One of the best features of Disney’s Sleep Hollow, and perhaps one of the most surprising, is its remarkable faithfulness to Irving’s original story. It is not exaggeration to suggest that this little animated feature from the Walt Disney company is one of the most faithful to the original story of any movie ever produced on Ichabod’s fight with the headless spectre. Two of the essential elements remain in this version, those being a romantic telling of the story and an ambiguous ending. Disney actually leaves the viewer wondering whether or not Ichabod survived the flaming pumpkin head being hurled at him across the bridge of safety. Such a conclusion is a rare thing for an animated children’s tale.

The visual payoff is well worth the wait in Sleepy Hollow. From start to finish the animation is crisp and effective, but the animators give us something special at the unveiling of the Headless Horseman. I’m not sure there is a more visually engaging scene in any animated feature. Although technology has certainly advanced the options for animators today, I would put Sleepy Hollow up against any modern feature in terms of its effectiveness and mood.

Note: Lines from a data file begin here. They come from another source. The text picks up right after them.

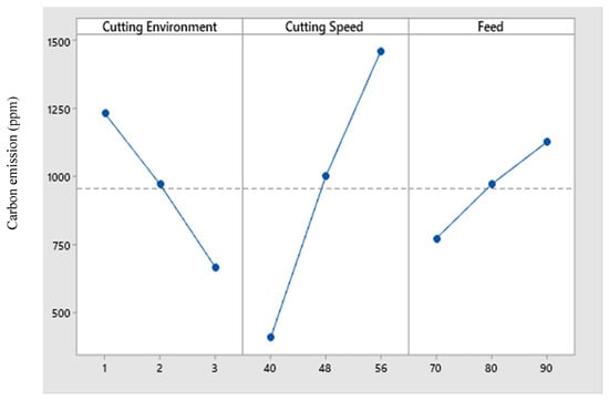 In addition, carbon emissions during machining were also attributed to the surrounding air. The atmospheric air contains 417 ppm of carbon dioxide due to global warming and climate change. In this study, under dry cutting conditions, the primary source of carbon emission was found to be the tool material, i.e., carbide. In the MQL cutting environment, rice bran oil and turmeric oil were used as cutting fluids. These oils contain fatty acids and unsaturated double bonds, but they generate less CO2 during the metal cutting process compared to mineral oil and kerosene oil, mainly because of their higher volatile temperature values. Rice bran and turmeric oils have volatile temperatures of 232 °C and 183 °C, respectively, while mineral oil and kerosene oil have volatile temperatures of 168.3 °C and 38 °C, respectively []. It is believed that the vegetable oils prevent the TiAlN coating of the carbide end mill cutter from damage and also reduce the heat generation, resulting in fewer emissions being produced, as shown in Table 6.
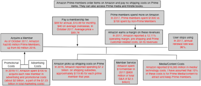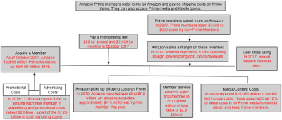 The Economics of Amazon PrimeTo understand how Amazon Prime works, let’s break down the mechanics. Any one (in the countries where Prime is offered) can become a Prime member, either on a monthly or an annual basis. In the US, in 2017, the annual fee for membership was $99, as it has been for the last few years, and the monthly fee was $10.99. With 85 million members, that translates into a total revenue for the company of over $8.5 billion; the monthly members pay more but there is a portion of the membership (including students) who get discounted memberships. The other benefit for Amazon, though, comes from the fact that Amazon Prime members spend more on Amazon than non-Prime members. While the exact numbers are known only to Amazon, the most recently leaked reports suggest that the typical Prime member spends approximately $1,300/year on Amazon products, as opposed to the $700 spent by a non-Prime member. While it seems obvious, then, that Prime membership leads to more spending ($600, if you believe these two numbers), the statisticians will raise red flags about sampling bias since the true incremental revenue is unobservable; it is the difference between what the existing Prime members are spending ($1300/year) and what those same members would have spent, if they did not have Prime memberships. That is a reasonable point, but there is clearly a Prime impact, where Prime members choose Prime items over less expensive non-Prime offerings on Amazon, just as I do.
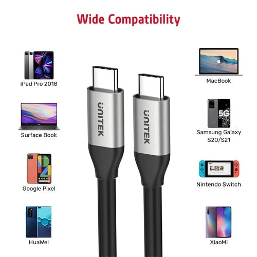 Unitek Type-C to Type-C (100W) 1Mt (4K 10Gbps Görüntü Aktarımı) Hızlı Şarj Kablosu (C14082ABK) Genel Özellikler
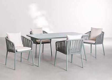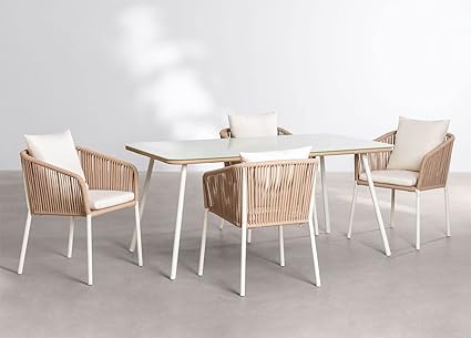 "D'aromas Supreme 4 Seater Outdoor Iron Rope Modern Classic Dining Set Chair and Long Table for Dining Room Sets"
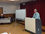 会員の稲作データを語る乗松相談役
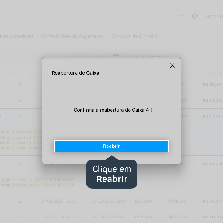 12. No caixa do dia, clique novamente no ícone de três pontinhos (...) e, em seguida, clique em Reabrir Caixa para voltar a lançar as transações do dia.

One of the more interesting aspects of the film is the song Brom Bones sings at the Van Tassel farm during the famous Van Tassel Fall Festival (incidentally, Brom was the inspiration for the famous Disney character Gaston from Beauty and the Beast). His song occurs just before the end of the party when Ichabod would be traveling home through the forest. It takes the viewer about 6 times watching the movie to finally catch on that the background singers, mostly female, are an essential part of the song. Unfortunately you cannot make out what they are singing very well. This is significant because at one point these background vocalists sing the most important part of the story:

Brom:  “For once you cross that bridge my friends…..”
Background Voices:  “the ghost is through, his power ends.”
(Watch the video below at 3:00 to hear this part of the song)

So, without those background voices, we would miss that the Headless Horseman loses his power across the bridge. That is my only complaint with the film, although after you know what the background voices actually say, it becomes a fun part of the movie.

Disney’s version of The Legend of Sleepy Hollow remains, after all these years, the best. Do yourself a favor – go watch it.